Cell culture
The A431 cell line was obtained from the Institute of Cell Biology of Shanghai, Chinese Academy of Sciences (Shanghai, China). The HSC-1 cell line was obtained from Beijing Zhongyuan Ltd. (Beijing, China). The cells were cultured in DMEM (Gibco, 10566016) supplemented with 10% FBS (Gibco, 10091148) and incubated at 37°C in a humidified 5% CO2 atmosphere.
Celigo cell counting assay
A431 and HSC-1 cells were seeded into 96-well plates at 3×103 cells/100 µL/well. The cells were continuously monitored for 5 days by a Celigo Imaging Cytometer (Nexcelom). The number of GFP-positive cells in each well was accurately calculated.
Woundhealing assay
A431 and HSC-1 cells were seeded in a 24-well plate. When the cells reached 90% confluence, they formed a confluent monolayer. A wound was formed by dragging the tip of the pipette. Cell migration images were acquired at 0 and 36 h by microscopy. Migration area = 24 h-cell pixel area − 0 h-cell pixel area.
Transwell assay
The transwell upper chambers (8-µm pores, BD Biosciences) were coated with Matrigel. A431 and HSC-1 cells were seeded into the transwell upper chamber at a density of 1×104 cells/well in 100 µL of 5% FBS culture medium, and the lower compartment contained 400 µL of culture medium supplemented with 20% FBS. The cells were incubated at 37°C for 24 h. The upper chamber was washed with PBS, and the cells were removed. The migrating cells were fixed with methanol for 30 min and stained with 0.1% crystal violet for 20 min. Finally, the cells were observed with a microscope, images were captured, and the migrating cells were counted.
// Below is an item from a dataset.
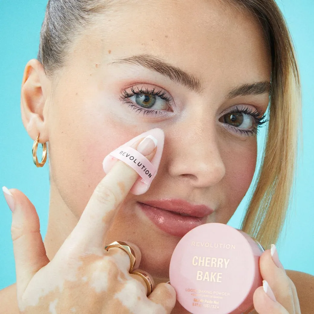 Secouez au préalable votre pot de poudre Cherry Bake. Prélevez la poudre avec la houppette en forme de cœur. Retirez l’excédent sur le dos de votre main. Appliquez délicatement avec la houppette, en vous concentrant sur le dessous des yeux, et autour du nez et de la bouche.
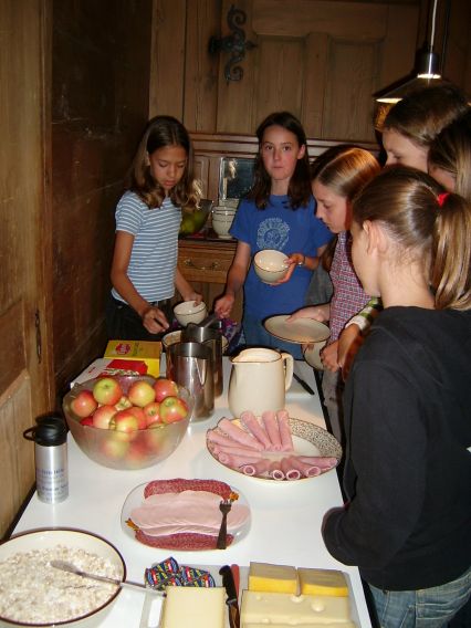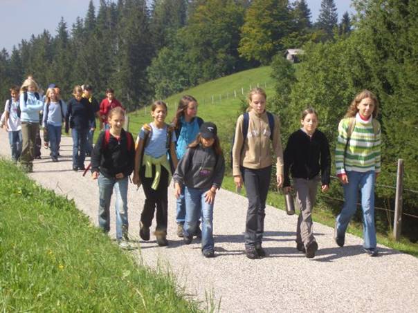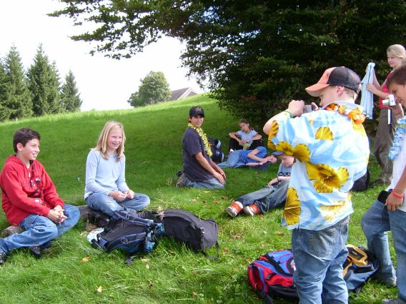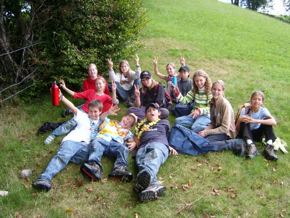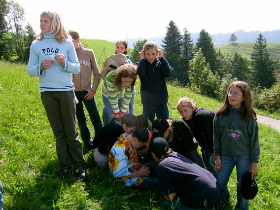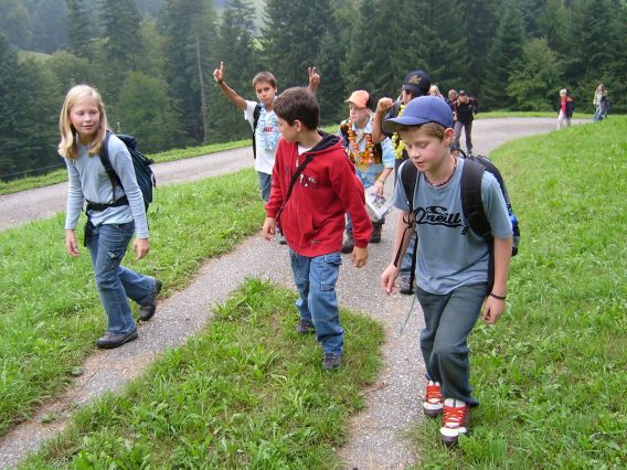 Dienstag, 13. September 2005 Um 7.15 Uhr mussten wir aufstehen und unsere Kleider anziehen. Einigen von uns fiel das ziemlich schwer, denn es war für manche eine kurze Nacht. Aber heute wollten wir eine Tageswanderung unternehmen. Auf das Ahorn, einen Aussichtspunkt im Emmental. Zuerst assen wir unser Frühstück. Es war unser erstes Frühstück, das wir in der Kulturmühle Lützelflüh einnahmen. Das Frühstück war sehr fein, es gab Flöckli, Brot und vieles mehr. Nach diesem feinen Essen machten wir uns parat. Um 8.00 Uhr ging es dann los, zuerst zum Bahnhof Lützelflüh. Dort erwartete uns ein Zug nach Ramsei und dann ging es mit dem Bus weiter nach Wasen. Hier begann unsere Wanderung. Sobald wir aus dem Bus ausgestiegen waren, ging die Wanderung auch schon los! Es ging sehr steil hinauf, das war zum Teil recht anstrengend. Auf der Wanderung sahen wir dann sehr schöne, typische Emmentalerhäuser. Das Besondere an diesen Häusern ist, dass deren Dächer auf allen Seiten weit hinunter fallen und abgeschnitten sind. Als wir ca. eine Stunde und 30 Minuten gelaufen waren, assen wir unseren Zmittag. Jedes Kind hat sich am Morgen ein Sandwich für den Zmittag geschmiert. Das Essen hat allen geschmeckt.

Flow cytometry apoptosis assay
A431 and HSC-1 cells were infected with lentivirus for 48 h. The cells were harvested and rinsed three times with PBS. Then, the cells were resuspended in 1× binding buffer and incubated with FITC-annexin V for 25 min and PI for 5 min in the dark at room temperature. The cells were detected by flow cytometry. The cell apoptosis rate was analyzed with FlowJo software.
Q-PCR assay
Total RNA was extracted with TRIzol solution (Invitrogen, 15596026). Reverse transcription of cDNA was performed with a M-MLV Reverse Transcriptase (Promega, M1705). qPCR was performed in triplicate with AceQ qPCR SYBR Green Mastermix (Vazyme, Q111-02). The following qPCR primers were used:
CENPO: 5′- TGCTTTTGAGGGGAACCTATTG-3′ (Forward) and 5′- GGGGAATG AAGACTGGGACT-3′ (Reverse); GAPDH: 5’- TGACTTCAACAGCGACACCCA-3’ (Forward), 5’- CACCCTGTTGCTGTAGCCAAA-3’ (Reverse).
Tumor formation assay in nude mice
Female SCID mice (4–6 weeks old) (Cavens, China) were raised in a pathogen-free facility. A431 cells were harvested, washed, and resuspended in PBS. The cells (5×106 cells/100 µL) were injected into the left armpit of each mouse. There were 5 mice in each group. The tumor volume was measured with a Vernier caliper every three days.
The mice were sacrificed and dissected, the tumors were photographed and weighed, and the tumor volumes were calculated using the following equation: length×width2×0.5. All animal experiments were carried out with the approval of the Animal Care and Use Committee of The Air Force Medical Center, PLA.
IHC assay
Tumor tissue was fixed, embedded, and sliced. The expression level of CENPO was detected by IHC with an anti-CENPO antibody (1:500, Proteintech, 20611-1-AP). Images were acquired with a microscope (Nikon, Tokyo, Japan).
Statistical analysis
The experimental data were collected and are expressed as the means ± standard deviations (SD), and the data were analyzed using GraphPad Prism 8.0 software. Significant differences between two groups were analyzed using Student’s t test. Each experiment in this study was repeated at least 3 times. *p value < 0.05, ** p value < 0.01 and *** p value < 0.001.